Models of foreign factories
John Deere combine is one of the most popular in the world. The advantage of using it is a harmonious combination of price and quality. Maximum reliability and ease of operation. Combines of this brand are used in fields with a large volume of work, including on inclined surfaces. A powerful engine (305 hp) of its own brand and a well-functioning mechanism of hydraulic and electrical systems allow it to work even in rain. Dimensions of the combine: 8.98 m long, 3.77 m wide. Advantages include the presence of:
- “catcher” of stones;
- cleaner;
- accelerator device for feeding cut raw materials.
John Deere
Combine "Claas Tucano-450" is a representative of the premium class. The machine is equipped with a multifunctional pipeline connection system and a central lock. The header is equipped with a control unit with memory of previously set modes. Inside there is a powerful and reliable Mercedes-Benz engine and a large fuel tank (650 l). This allows uninterrupted operation in remote fields.

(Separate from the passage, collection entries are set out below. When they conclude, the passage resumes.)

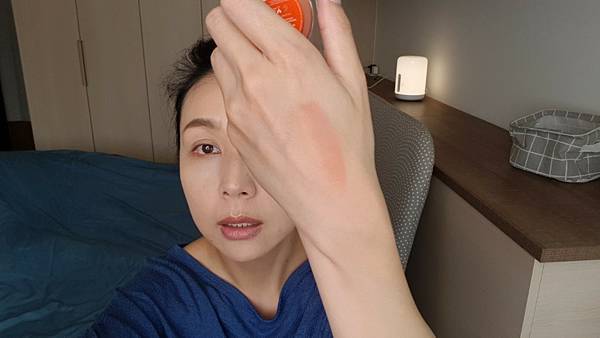 腮紅膏好用,新手用不容易失手,膏體用手嚕一嚕就滑順也很好沾取,我定完妝後,用粉底刷可以輕易上臉,下手太重還是會帶走底妝,換成海綿比較好掌控,可以疊加,magic hour這個顏色很可愛,帶棕調的橘色,很適合我黃皮膚,很顯氣色,它待在臉上一段時間,會收乾,不會黏黏的,擔心口罩摩擦的話,還是定妝比較保險。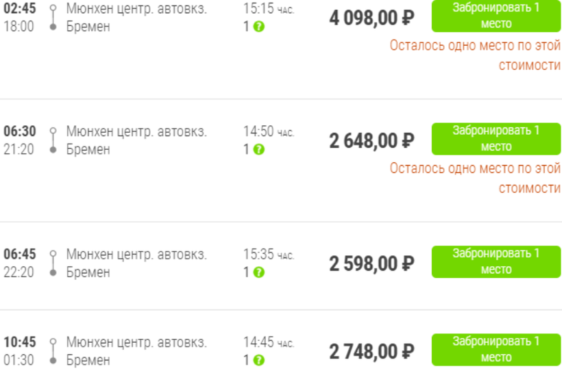 Ну а в случае, если время выезда из Мюнхена прямого автобуса вас не устраивает, можно в Бремен ехать с пересадками, что займет 15–16,5 часов.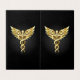 Gold polygonal Caduceus symbols on black isolated background. Low poly symbol of medicine.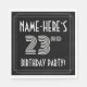 Ce design élégant des années 1920-1930 s'inspire du design de serviette de vingt-troisième anniversaire avec un nom personnalisé, un style art déco complexe inspiré du numéro "23ème", le message "BIRTHDAY PARTY !", et un motif frontalier composé de lignes. L'arrière - plan est coloré en noir par défaut, mais il peut être customisé à une couleur différente, si désiré. Des serviettes en papier à thème d'anniversaire comme celles-ci pourraient être utilisées à une fête d'anniversaire pour quelqu'un qui célèbre son vingt-troisième anniversaire. [~Z0000616]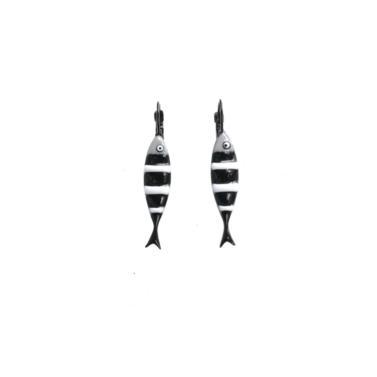 Boucles d'oreilles émaillées , composées d'une petite sardine noires  (dos émaillé uni noir) .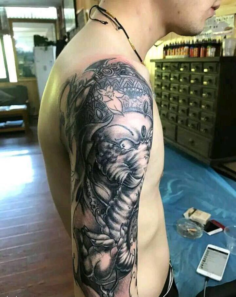 当前位置: 首页 >江苏省苏州市纹身店-昆山木鱼堂纹身工作室纹身图案>象神纹身图片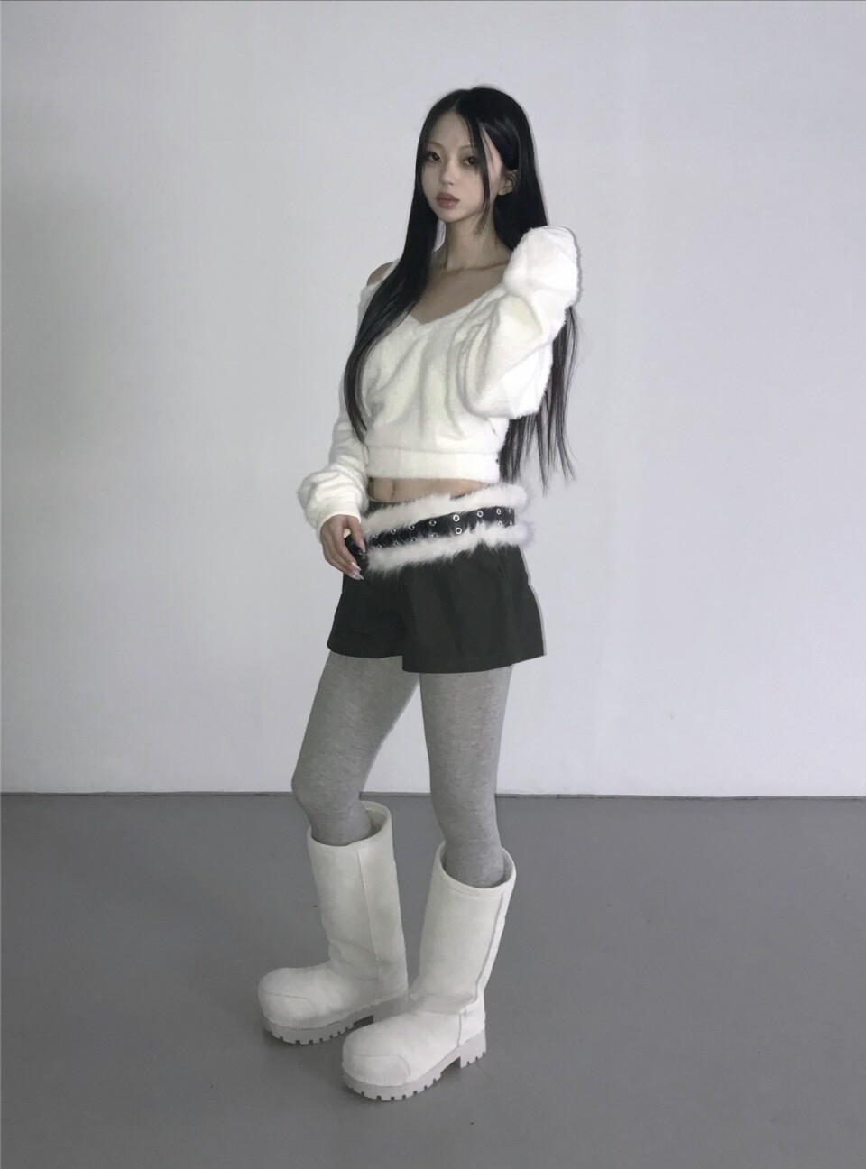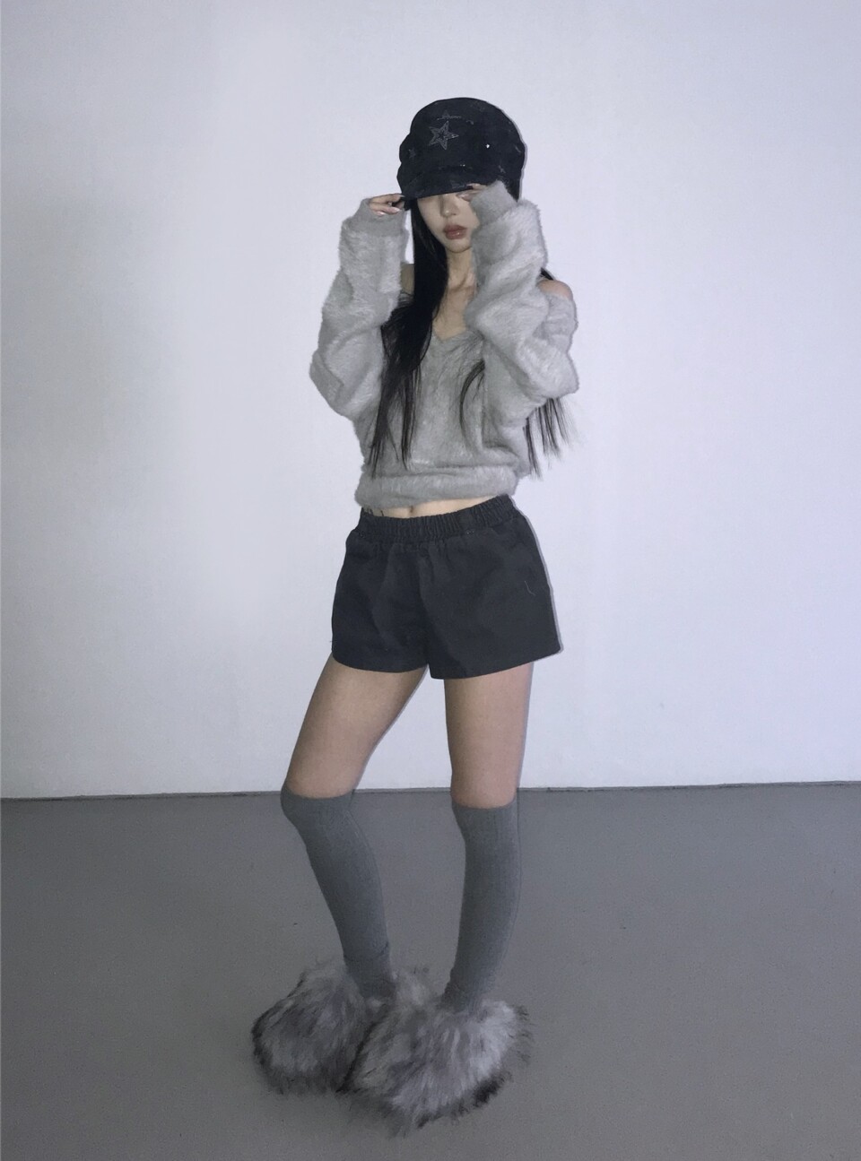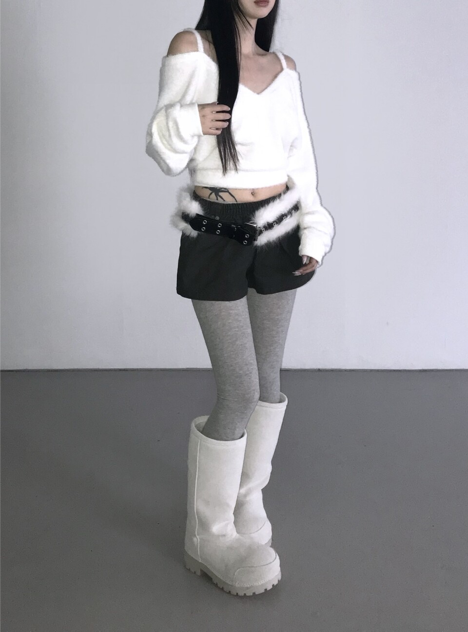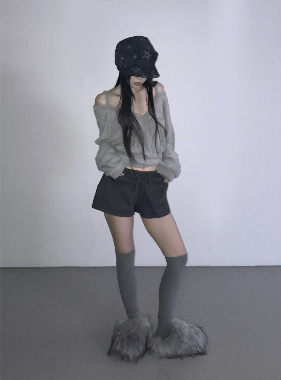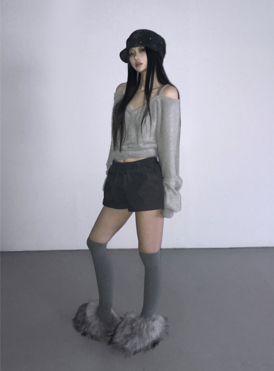 細肩帶露肩毛絨針織衫

Attention! The successes of Claas combine harvesters are included in the Guinness Book of Records.
Forage harvester
machine for mowing green crops and picking up swaths of dried seeded or natural crops. herbs, as well as for harvesting tall crops (corn and sunflower) with simultaneous chopping and loading. mass into the body of a vehicle moving nearby. It is produced in self-propelled and trailed versions, equipped with a header or windrow pick-up and a drum or disk-type chopping apparatus. Grass cutting capacity 22–40 t/h; when selecting rolls 15–70 t/h; when mowing tall crops 30–150 t/h.
Forage harvester
machine for harvesting green mass of corn, sunflower and other forage crops for silage. It is produced in self-propelled and trailed versions, equipped with a header and a drum-type chopping apparatus with a device for sharpening knives. The combine mows down the plants, crushes them and feeds them through a silo into the back of a vehicle moving nearby. Productivity 1.5–2.0 ha/h.
K. s. can be equipped with a computer system for monitoring grain yield in real time during harvesting along coordinated sections of the field. The system is controlled using satellites. The memory card received in the field is read by office equipment and printed in the form of field yield maps used in the precision farming system (see article Farming systems).